De Rechtbank stelt hieromtrent echter vast dat die parlementaire voorbereiding een duidelijke vergissing bevat, wanneer gezegd wordt dat twaalf maanden overeenkomen met driehonderd dagen. De Rechtbank vraagt zich af of de wetgever, door degene die tot een gevangenisstraf van een jaar is veroordeeld uit te sluiten van het genot van uitstel, terwijl hij dat uitstel toekent aan degene die veroordeeld is tot twaalf maanden gevangenisstraf, geen dusdanig verschil in behandeling in het leven heeft geroepen, rekening houdend met het feit dat, volgens de parlementaire voorbereiding, er een verschil van vijfenzestig dagen zou zijn (wat een aanzienlijk verschil is) en niet vijf dagen (wat de realiteit is en een onbeduidend verschil), dat er tussen eerstgenoemde en laatstgenoemde een discriminatie zou bestaan; daarop heeft de Rechtbank de hiervoor weergegeven prejudiciële vraag aan het Hof gesteld.

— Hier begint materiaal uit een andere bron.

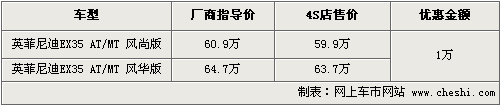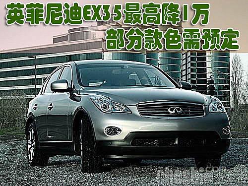 目前销售的英菲尼迪EX35系列车型,最高可优惠现金1万元,但是款式和颜色并不太齐全。英菲尼迪EX35车身颜色共有8种,分别是莹贝白、水亮银、樱彩银、海湾青、水银灰、辉光蓝、玻璃黑和秋枫粟。目前只有水亮银有部分现车,其他均需要预订。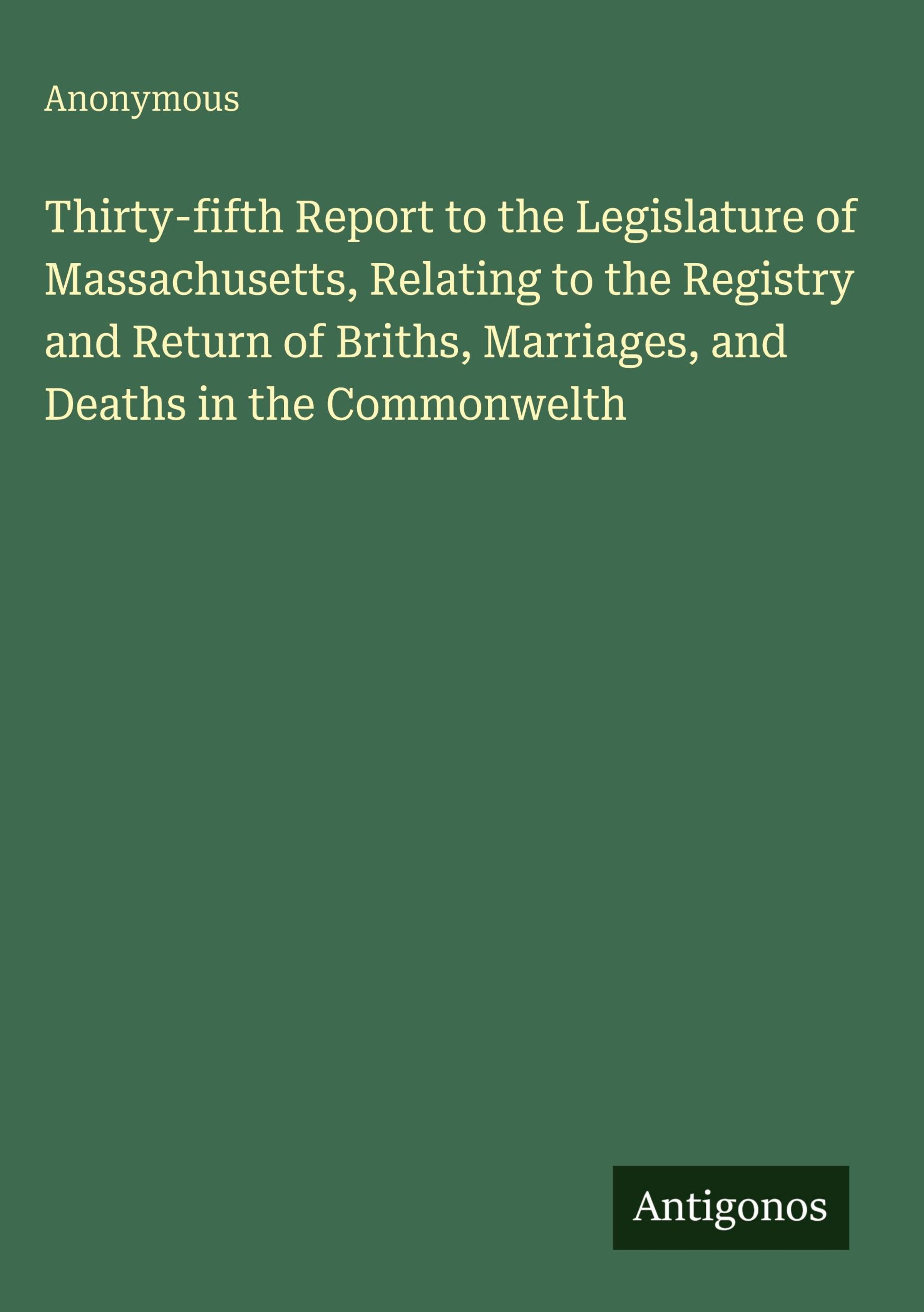 Anonymous: Thirty-fifth Report to the Legislature of Massachusetts, Relating to the Registry and Return of..., Gebunden

III. De rechtspleging voor het Hof Bij beschikking van 26 juni 1997 heeft de voorzitter in functie de rechters van de zetel aangewezen overeenkomstig de artikelen 58 en 59 van de bijzondere wet van 6 januari 1989 op het Arbitragehof.
De rechters-verslaggevers hebben geoordeeld dat er geen aanleiding was om artikel 71 of 72 van de organieke wet toe te passen.
Van de verwijzingsbeslissing is kennisgegeven overeenkomstig artikel 77 van de organieke wet bij op 14 augustus 1997 ter post aangetekende brieven.
Het bij artikel 74 van de organieke wet voorgeschreven bericht is bekendgemaakt in het Belgisch Staatsblad van 19 augustus 1997.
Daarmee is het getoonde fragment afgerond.